Can you clarify, is this meant to segregate whole sequences into numbered chunks (e.g. a file with 30 sequences, splits those sequences in to 3 files of 10 sequences), or is the intention to chop up the seqeunces themselves in to windows (e.g. a file with 30 sequences, split in to 30 files, each containing one sequence, broken into windows of length n)?

To you last point, really any number of books and websites exist to help learn, but I am personally an advocate of just learning-by-doing. For me at least, its the fastest way. Write code. Write lots. Write bad code. Pick up new and better habits from code you find online. Make the bad code a bit less bad. Rinse and repeat.

ADD REPLY • link 4.5 years ago by Joe 21k

0

Entering edit mode

Of course, I have the whole genome for Salmonella CT18 in a basic non annotated nucleotide FASTA format. Say I want to break it into chunks of 50kb to ease processing downstream. I think later on, it will be use full to break it into chunks with a number of gene sequences but not yet.

And thanks, that's what I'm trying to do but i'm clearly going wrong somewhere.

ADD REPLY • link 4.5 years ago by damonlbp ▴ 20

0

Entering edit mode

Would the BioStar handbook be a sensible purchase?

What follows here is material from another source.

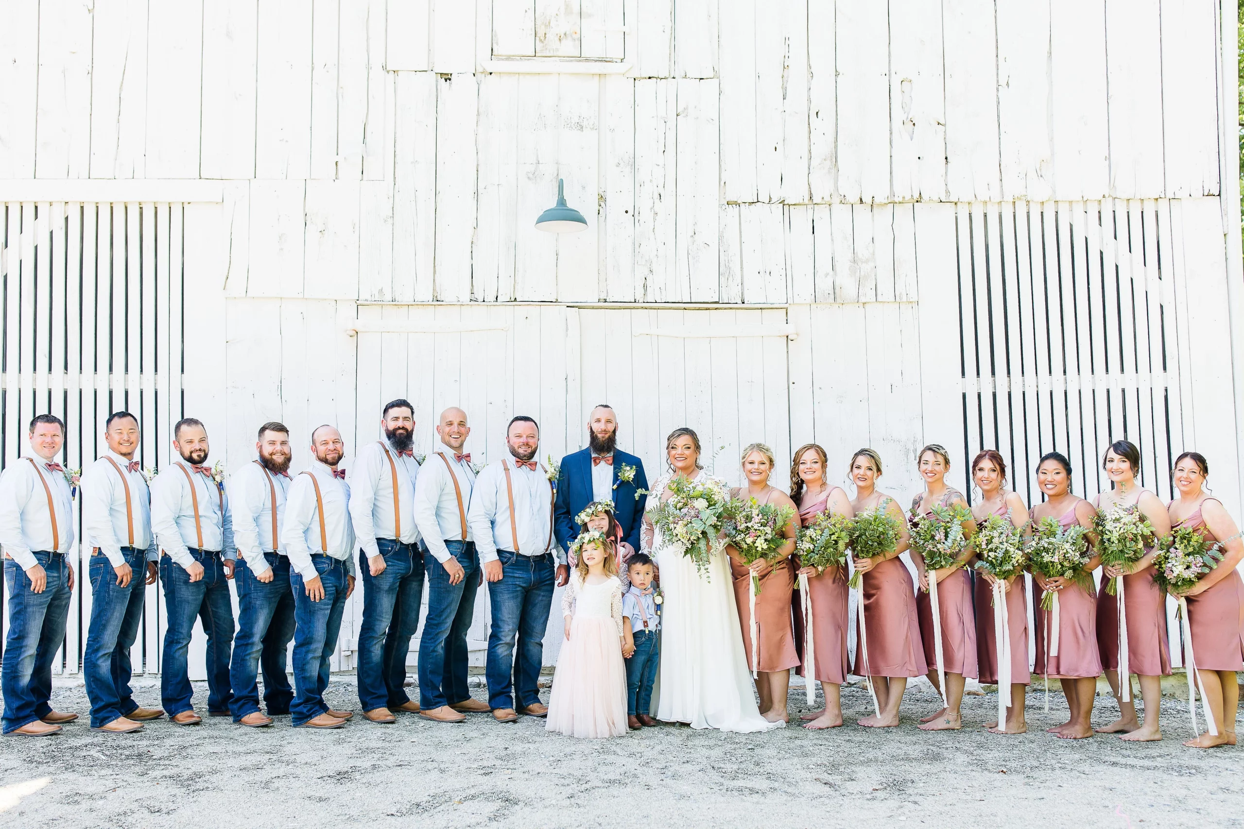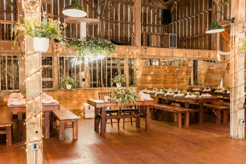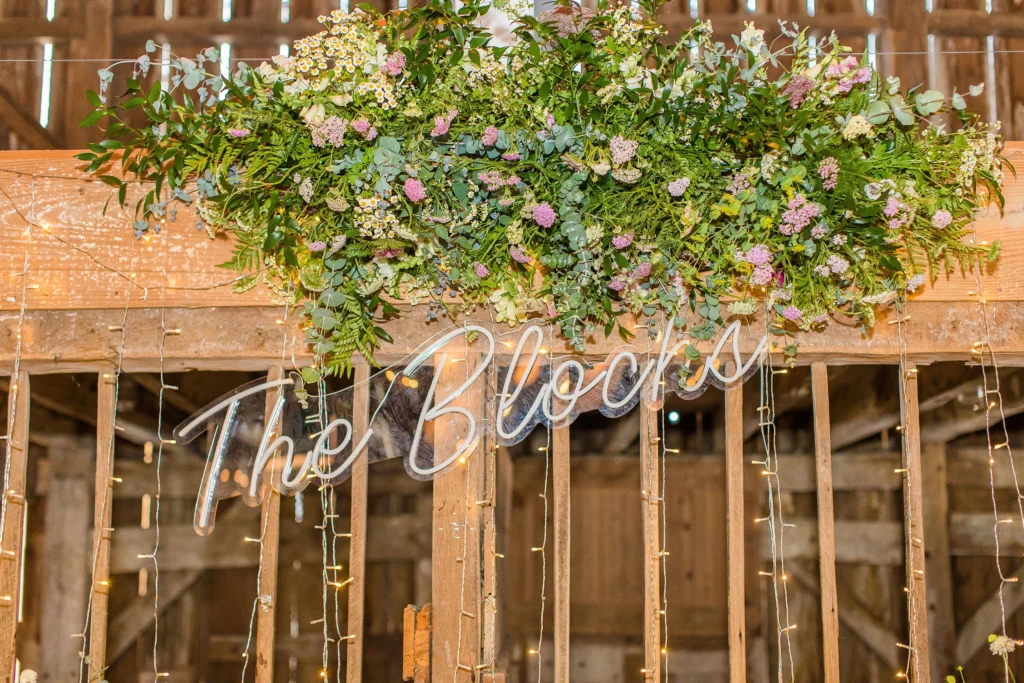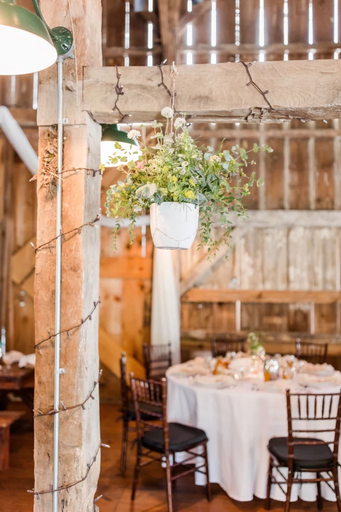 And can we talk about the inside of the barn?! Krystina had rose gold hanging chains that we put white containers in, filled with floral arrangements! They hung at each beam around the dance floor and were a totally different approach to decorating the reception space. Then there’s the large hanging piece with the neon sign behind their sweetheart table!! This was so fun to put together and looked absolutely gorgeous in action.

Not directly since BioStar handbook does not cover python programming. If you do purchase the book you get access to "Python programming in 100 hours", a separate series of video lectures that Prof. Istvan Alberts is including with the book. Unfortunately he has not completed that series yet since there are only 4 videos currently available.

ADD REPLY • link 4.5 years ago by GenoMax 141k

score 2 · Accepted Answer · 2019-10-22

2

Entering edit mode

4.5 years ago

massa.kassa.sc3na ▴ 600

Hi, try this link. (just load the genome as string and pass with to one of the implementations of chunker from the link).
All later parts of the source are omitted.